【特別対談】岩根愛(写真家)×懸田弘訓(民俗学者)ハワイのボンダンス/フクシマオンドの故郷【後編】

常夏の楽園――。ハワイをそんなイメージのリゾート地ととらえている読者は少なくないだろう。一方、彼の地には多様な民族が生活し、その中で日系人たちに育まれてきたボンダンスと呼ばれる盆踊りがある。それを現地で撮り続けてきた写真家・岩根愛が、今、日本の福島でも撮影を行う理由とは――。前後編にわたり、彼女の写真とともに両地の知られざるつながりを考察していきたい。

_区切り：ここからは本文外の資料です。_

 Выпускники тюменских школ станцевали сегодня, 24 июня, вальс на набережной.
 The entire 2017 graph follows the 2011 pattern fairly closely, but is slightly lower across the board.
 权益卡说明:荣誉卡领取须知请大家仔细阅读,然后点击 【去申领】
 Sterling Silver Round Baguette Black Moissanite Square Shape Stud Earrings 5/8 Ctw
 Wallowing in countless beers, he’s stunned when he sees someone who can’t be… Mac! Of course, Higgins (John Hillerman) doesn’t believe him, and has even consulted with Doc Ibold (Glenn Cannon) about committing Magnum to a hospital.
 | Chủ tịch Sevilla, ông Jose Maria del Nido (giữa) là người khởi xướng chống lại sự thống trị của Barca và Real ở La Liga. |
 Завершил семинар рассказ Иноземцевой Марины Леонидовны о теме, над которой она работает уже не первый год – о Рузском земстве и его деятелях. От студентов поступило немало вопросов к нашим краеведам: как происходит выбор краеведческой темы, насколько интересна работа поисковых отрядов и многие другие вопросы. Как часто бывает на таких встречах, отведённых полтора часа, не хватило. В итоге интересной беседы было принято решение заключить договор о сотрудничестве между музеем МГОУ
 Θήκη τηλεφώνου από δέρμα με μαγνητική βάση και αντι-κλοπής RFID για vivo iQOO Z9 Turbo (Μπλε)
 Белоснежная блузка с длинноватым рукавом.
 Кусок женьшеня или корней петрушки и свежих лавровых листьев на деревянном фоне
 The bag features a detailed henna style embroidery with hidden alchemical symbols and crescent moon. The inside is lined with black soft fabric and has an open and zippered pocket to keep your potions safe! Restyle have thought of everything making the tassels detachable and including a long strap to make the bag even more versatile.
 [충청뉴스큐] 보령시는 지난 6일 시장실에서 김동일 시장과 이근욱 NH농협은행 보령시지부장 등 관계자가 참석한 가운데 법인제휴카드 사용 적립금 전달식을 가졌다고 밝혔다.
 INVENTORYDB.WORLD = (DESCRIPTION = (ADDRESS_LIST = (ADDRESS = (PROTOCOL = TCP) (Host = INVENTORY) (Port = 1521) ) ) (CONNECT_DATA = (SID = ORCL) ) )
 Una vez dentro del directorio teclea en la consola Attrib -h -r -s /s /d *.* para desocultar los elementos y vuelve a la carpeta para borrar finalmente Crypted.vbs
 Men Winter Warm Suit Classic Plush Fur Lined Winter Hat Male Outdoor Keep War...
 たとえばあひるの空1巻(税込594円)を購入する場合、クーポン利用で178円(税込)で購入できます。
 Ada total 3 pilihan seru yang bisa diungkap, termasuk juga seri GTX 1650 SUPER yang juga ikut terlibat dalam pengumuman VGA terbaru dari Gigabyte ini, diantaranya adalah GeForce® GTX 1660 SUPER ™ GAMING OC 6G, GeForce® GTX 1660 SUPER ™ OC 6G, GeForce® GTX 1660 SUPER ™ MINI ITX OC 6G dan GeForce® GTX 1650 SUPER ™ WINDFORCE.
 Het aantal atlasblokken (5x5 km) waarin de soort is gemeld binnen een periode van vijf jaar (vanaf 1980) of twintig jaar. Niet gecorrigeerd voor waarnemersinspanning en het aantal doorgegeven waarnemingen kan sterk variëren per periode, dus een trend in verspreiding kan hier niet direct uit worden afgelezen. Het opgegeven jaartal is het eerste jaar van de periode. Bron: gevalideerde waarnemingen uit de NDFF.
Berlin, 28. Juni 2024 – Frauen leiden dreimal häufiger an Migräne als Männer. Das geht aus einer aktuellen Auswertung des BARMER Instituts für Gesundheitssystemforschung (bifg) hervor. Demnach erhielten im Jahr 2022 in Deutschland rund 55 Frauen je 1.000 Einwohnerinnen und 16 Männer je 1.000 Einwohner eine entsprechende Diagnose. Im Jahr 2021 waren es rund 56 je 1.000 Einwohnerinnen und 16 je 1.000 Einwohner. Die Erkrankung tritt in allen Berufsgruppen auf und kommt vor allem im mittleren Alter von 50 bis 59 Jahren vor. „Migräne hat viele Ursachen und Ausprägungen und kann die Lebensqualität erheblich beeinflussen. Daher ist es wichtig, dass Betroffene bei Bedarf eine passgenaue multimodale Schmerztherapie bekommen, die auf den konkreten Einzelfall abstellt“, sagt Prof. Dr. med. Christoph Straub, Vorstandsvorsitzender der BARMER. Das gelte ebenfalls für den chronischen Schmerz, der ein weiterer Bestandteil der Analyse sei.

 ハワイの日系コミュニティで行われる盆踊り=ボンダンス。それに魅せられた写真家・岩根愛は、100年以上前に日系移民1世たちが持ち込んだ櫓を今も使い続けていること、イベントで流れる「フクシマオンド」のルーツが福島県浜通りに伝わる「相馬盆踊唄」にあることなどに、やがて興味を持つようになった。その岩根氏をホストに、本誌では前号に続き、ハワイと福島の知られざる歴史についての対談をお届けする。後編の今回は、フィールドワークをもとに福島の民俗を研究してきた懸田弘訓氏にご登場いただいた。

福島からハワイへ 北陸・山陰から福島へ

岩根 ハワイのお寺は全島約90カ所あり、夏の間の毎週末、ボンダンスが順繰りに開催されますが、マウイ島のかつて福島村とも呼ばれた地域(福島からハワイに渡った移民の子孫が多く住む)にあるパイア満徳寺で、1914年にハワイのお寺の中で最初にボンダンスが始まったとされています。私は3・11があった2011年の夏、ハワイでフクシマオンドを続けるマウイ太鼓というグループの存在を知って会いに行ったのですが、そのときに彼らが震災の影響で盆踊りができない福島をはじめとした東北の人たちを招いていたんです。その中の双葉郡の中高生30人くらいが、フクシマオンドが流れると「あ、これ知ってる!」といきなり立ち上がって踊りだした。その光景に強く衝撃を受けたんです。同じ歌が、遠く離れたハワイと福島で今も受け継がれていて、両地の人々が一緒に踊ることができるんだと。そして翌年、今度は逆にマウイ太鼓の人たちに福島に来てもらい、盆踊りの太鼓グループと交流するツアーを私は企画しました。とにかく、夏のハワイではどのお寺でもフクシマオンドが生演奏されるのですが、この歌と踊りは一体どこから来たのだろうかと調べていくうちに、懸田さんの研究に出会ったんです。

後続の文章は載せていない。